I'm not sure why and when exactly things have changed, but it looks that between pihut and amazon, not much "toyz" were left. I must admit though that the web has made it easier to learn/work alone; you used to go somewhere that taught you how to solder, somewhere that told you resistor color coding, tra nsistor number meanings, yadayada - now you watch it on youtube. The social aspect is gone; even makerspaces are often "just" the 3D printing and woodworking crowds, with little electonics.
It's worldwide. If it hasn't quite reached Japan yet, it will soon enough.
I've seen discussion that it really boils down to tax/rent combination that allows small places to survive on lower income, while the bigger places that would normally muscle then it would have to pay much more.

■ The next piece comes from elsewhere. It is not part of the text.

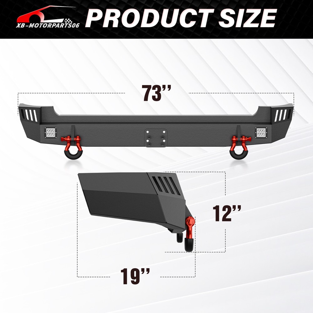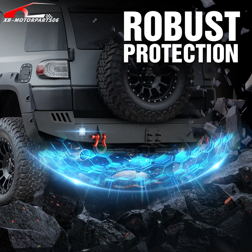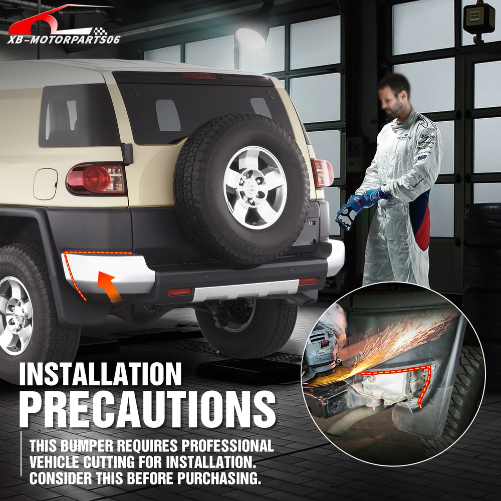 Rear Bumper W/ 2× D-rings&Tow Hitch Plate For 07-2014 Toyota FJ Cruiser 1st Gen For safety reasons, we strongly recommend that you seek professional installation services Suitable Models : Compatible with 20 07-2014 Toyota FJ Cruiser 1st Gen Package Includes: 1 x Rear Bumper, 2 x D-rings, 2 x LED Lights, Tow Hitch Plate, 1 x manual, screw fittings Product Information: Product Dimensions: 73" x 19" x 12" Installation mode: Bolt-On With Sensor Holes: No Steel thickness: 3mm Placement on Vehicle: Rear Item Weight: 61 Pounds Material: Carbon Steel Color: Black (hand measurements may have an error of 2-3 mm/0.078-0.118 in) Feature: ① Our rear bumper boasts an array of features: two high-powered 18W LED spotlights, a tow hitch mounting plate (Tow Hitch Not Included), and two 4.75-ton D-rings. Plus, it comes with comprehensive installation instructions and all the necessary screw fittings; ② Durable steel rear bumper featuring a two-stage black powder coating, providing resistance against rust and ensuring long-lasting durability and aesthetic appeal; ③ No need to cut the rear bumper; the car requires cutting. After completing the cutting, the subsequent installation is a simple bolt-on procedure. For safety considerations, we strongly advise seeking professional installation; ④ Durability, Waterproof, Rust-proof; Warranty Period: 2 year Standard Shipping (FedEx Ground or FedEx Home Delivery) Will usually ship within 3 business days of receiving cleared payment For safety reasons, we strongly recommend that you seek professional installation services Suitable Models : Compatible with 20 07-2014 Toyota FJ Cruiser 1st Gen Package Includes: 1 x Rear Bumper, 2 x D-rings, 2 x LED Lights, Tow Hitch Plate, 1 x manual, screw fittings Product Information: Product Dimensions: 73" x 19" x 12" Installation mode: Bolt-On With Sensor Holes: No Steel thickness: 3mm Placement on Vehicle: Rear Item Weight: 61 Pounds Material: Carbon Steel Color: Black (hand measurements may have an error of 2-3 mm/0.078-0.118 in) Feature: ① Our rear bumper boasts an array of features: two high-powered 18W LED spotlights, a tow hitch mounting plate (Tow Hitch Not Included), and two 4.75-ton D-rings. Plus, it comes with comprehensive installation instructions and all the necessary screw fittings; ② Durable steel rear bumper featuring a two-stage black powder coating, providing resistance against rust and ensuring long-lasting durability and aesthetic appeal; ③ No need to cut the rear bumper; the car requires cutting. After completing the cutting, the subsequent installation is a simple bolt-on procedure. For safety considerations, we strongly advise seeking professional installation; ④ Durability, Waterproof, Rust-proof; Warranty Period: 2 year

Greater Tokyo has a population of over 40 million, which is greater than that of all of California (38 million), let alone the SJ-SF-OAK CSA (9.7 million).
Economists since at least Adam Smith have noted that larger cities and regions can support a more complex and richer economic system.
One of California's problems is that rising real estate values and rents are both pricing out more activities (and people), and increasing costs of business: higher rents -> higher wages, the bulk of which are paid to landlords or mortgage lenders.
There used to be brick-and-mortar electronic distributors all over Silicon Valley. They're gone. Not just Fry's. More serious places. Now we have online ordering, and all those little stocking distributors just can't compete. Mouser and Digi-Key are the way to go.
The last things I bought at Halted were some open-frame 120VDC power supplies.
I hear that Huaqiangbei is not what it used to be, either.
It doesn't have the volume or the variety that HSC did, but there's still a variety of stuff there. It's free except for the $3 parking, and it's easily worth that for all the interesting things you stumble across.
It has struggled to find a venue for a few years, bouncing from De Anza College to the Sunnyvale Fry's parking lot, to skipping a couple years due to covid, to the Sunnyvale Library parking lot (cancelled after once due to neighbors complaining), and now maybe settling in to West Valley College. Hopefully it will stick around.